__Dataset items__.
- - - -

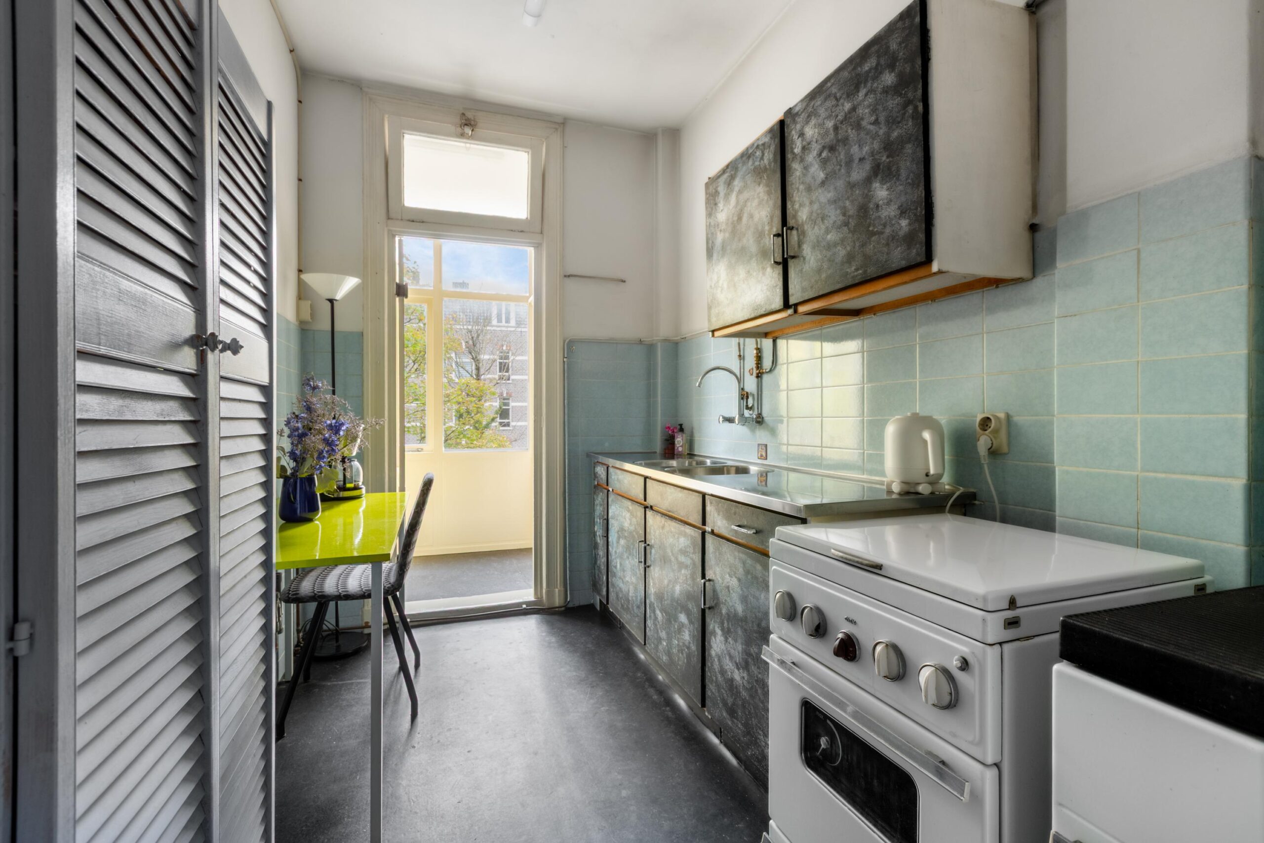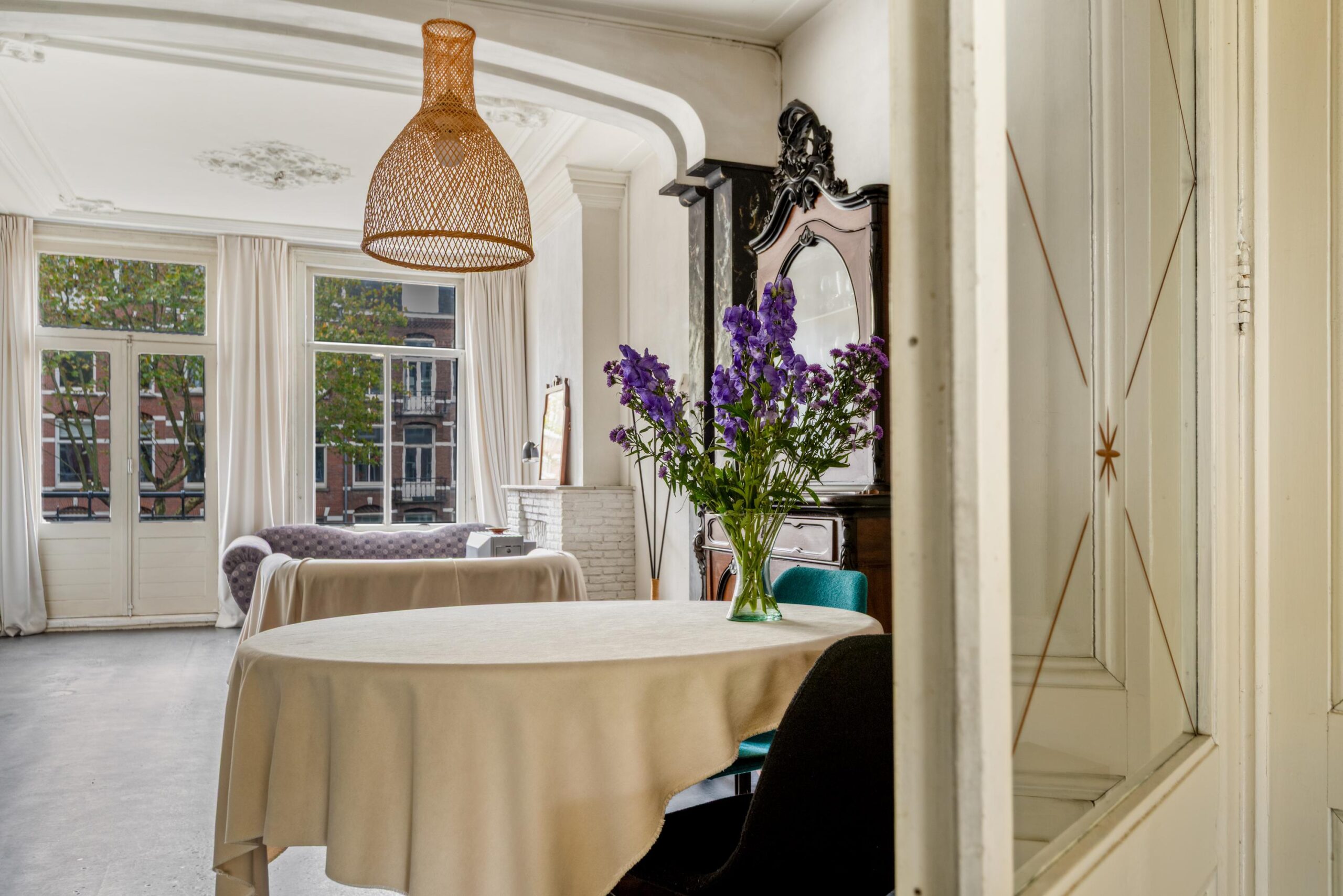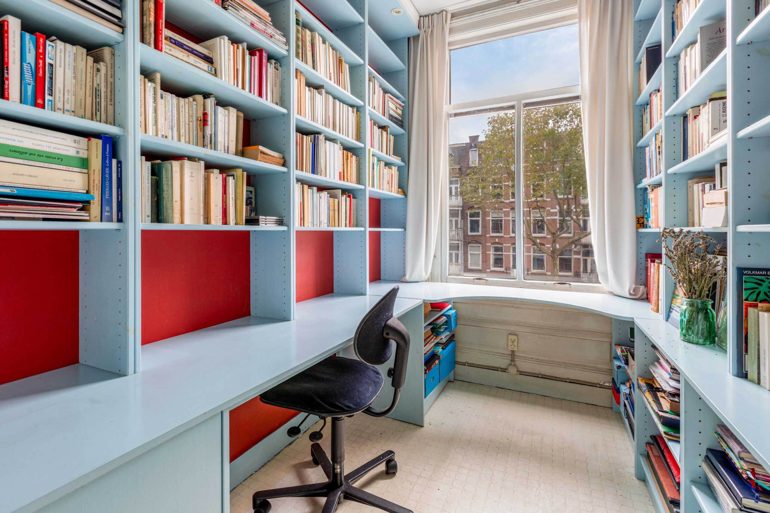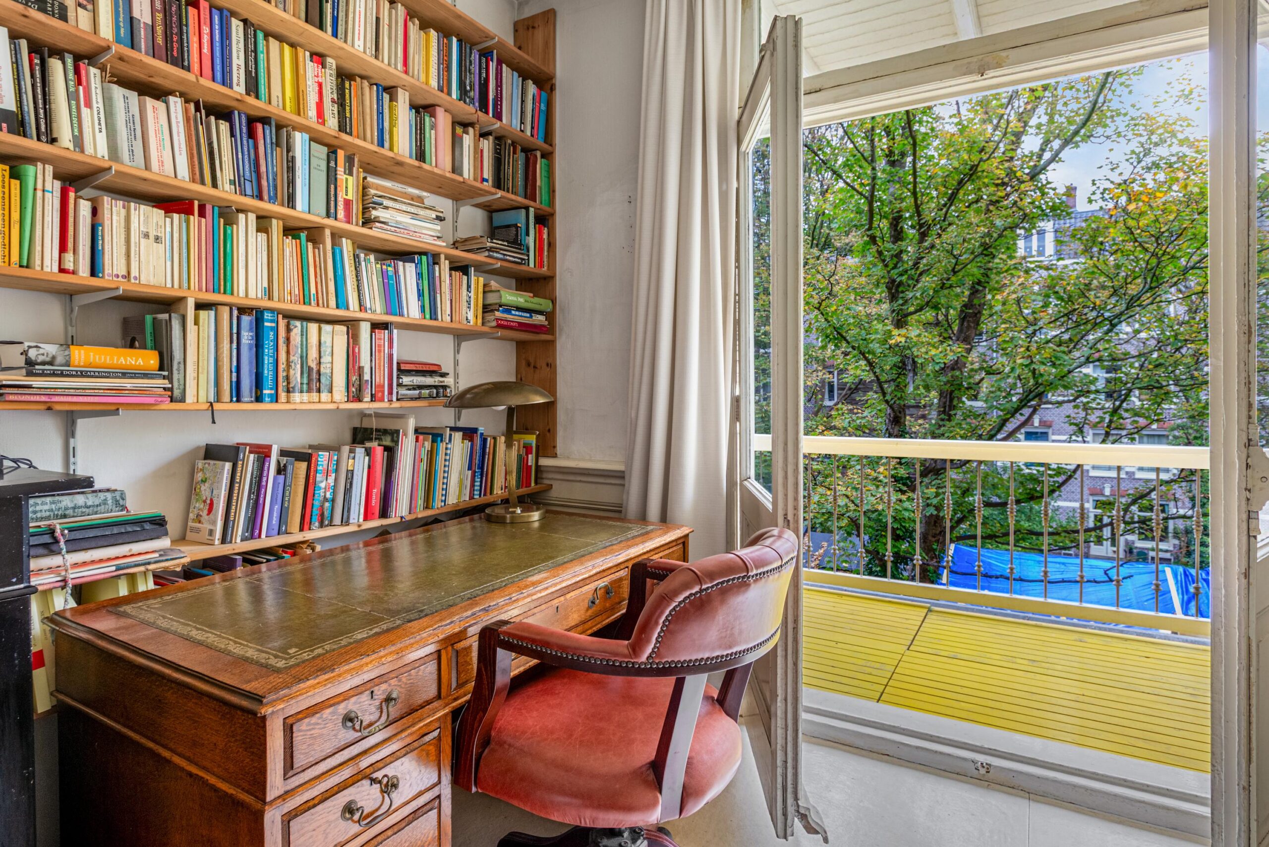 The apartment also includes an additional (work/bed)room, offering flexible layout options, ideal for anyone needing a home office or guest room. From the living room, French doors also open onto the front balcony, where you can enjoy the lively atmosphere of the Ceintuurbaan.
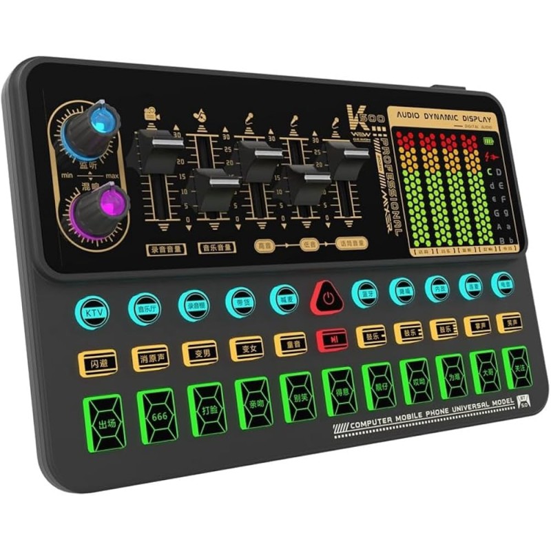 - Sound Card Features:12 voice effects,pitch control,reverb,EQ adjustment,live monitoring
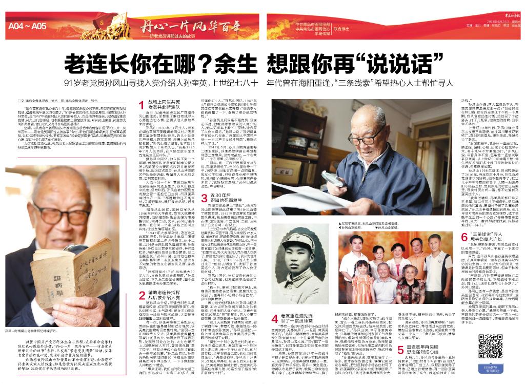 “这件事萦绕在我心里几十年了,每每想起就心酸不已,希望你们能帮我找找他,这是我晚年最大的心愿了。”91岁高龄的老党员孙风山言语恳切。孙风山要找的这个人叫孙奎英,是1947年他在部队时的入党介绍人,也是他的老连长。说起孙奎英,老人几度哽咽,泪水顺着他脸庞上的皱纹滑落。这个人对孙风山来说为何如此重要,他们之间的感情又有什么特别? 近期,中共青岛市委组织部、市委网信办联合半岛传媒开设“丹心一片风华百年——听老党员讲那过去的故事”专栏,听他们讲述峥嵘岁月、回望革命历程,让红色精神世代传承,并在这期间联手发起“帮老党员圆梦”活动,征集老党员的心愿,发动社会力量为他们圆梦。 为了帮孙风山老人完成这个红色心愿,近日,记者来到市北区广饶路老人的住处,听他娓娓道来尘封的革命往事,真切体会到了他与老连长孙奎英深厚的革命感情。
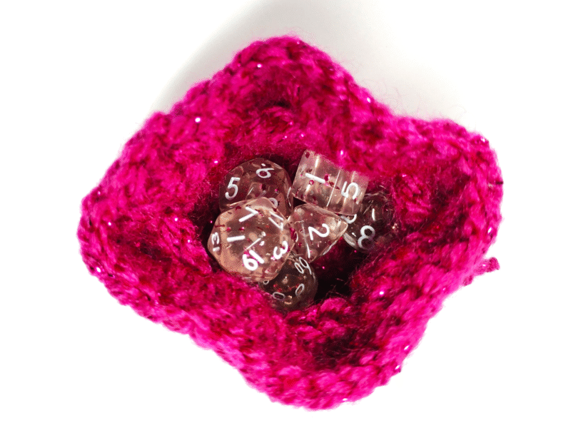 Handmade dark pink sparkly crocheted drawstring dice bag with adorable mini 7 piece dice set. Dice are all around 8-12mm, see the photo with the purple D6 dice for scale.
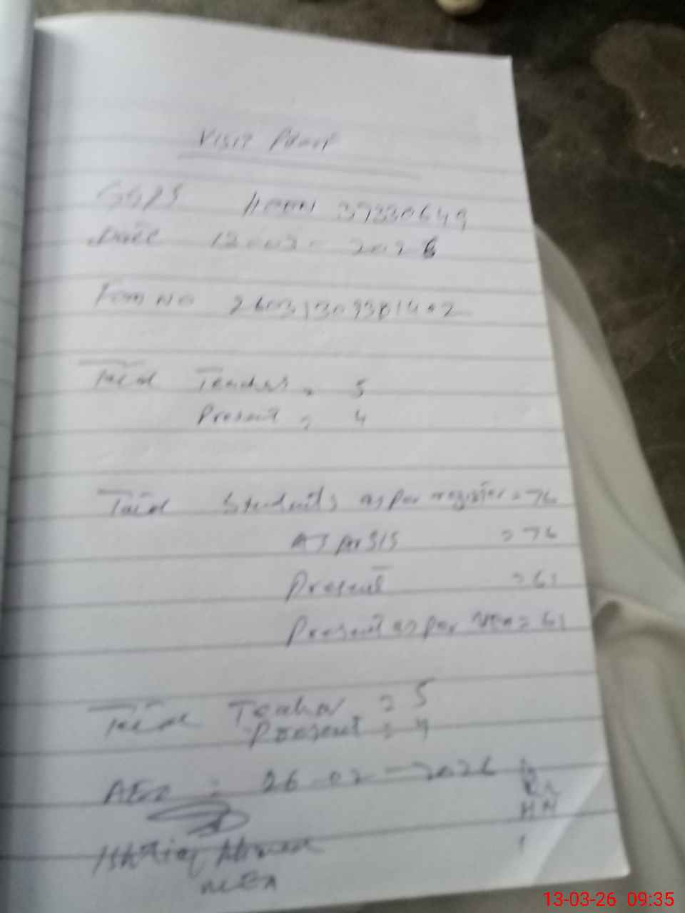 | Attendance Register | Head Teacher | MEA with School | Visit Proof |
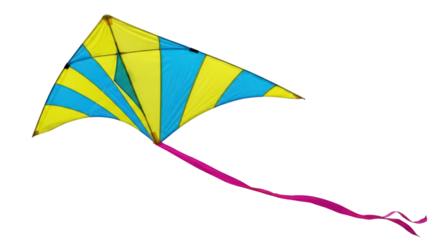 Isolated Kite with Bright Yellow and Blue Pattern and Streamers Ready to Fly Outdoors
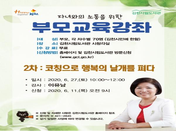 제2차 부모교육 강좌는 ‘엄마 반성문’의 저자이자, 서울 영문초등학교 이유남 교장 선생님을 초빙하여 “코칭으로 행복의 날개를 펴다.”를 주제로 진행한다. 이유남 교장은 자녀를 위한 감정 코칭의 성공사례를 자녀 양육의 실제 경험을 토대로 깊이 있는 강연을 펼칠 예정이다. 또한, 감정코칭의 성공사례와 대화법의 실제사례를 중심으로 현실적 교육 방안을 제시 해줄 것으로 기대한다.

- - - -

__Instructions to follow__. What is needed is the exact run of lines from the start of the data through the line with "- Sound Card", both ends included, minus the pictures.

__Exercise solution__.
 The apartment also includes an additional (work/bed)room, offering flexible layout options, ideal for anyone needing a home office or guest room. From the living room, French doors also open onto the front balcony, where you can enjoy the lively atmosphere of the Ceintuurbaan.
 - Sound Card Features:12 voice effects,pitch control,reverb,EQ adjustment,live monitoring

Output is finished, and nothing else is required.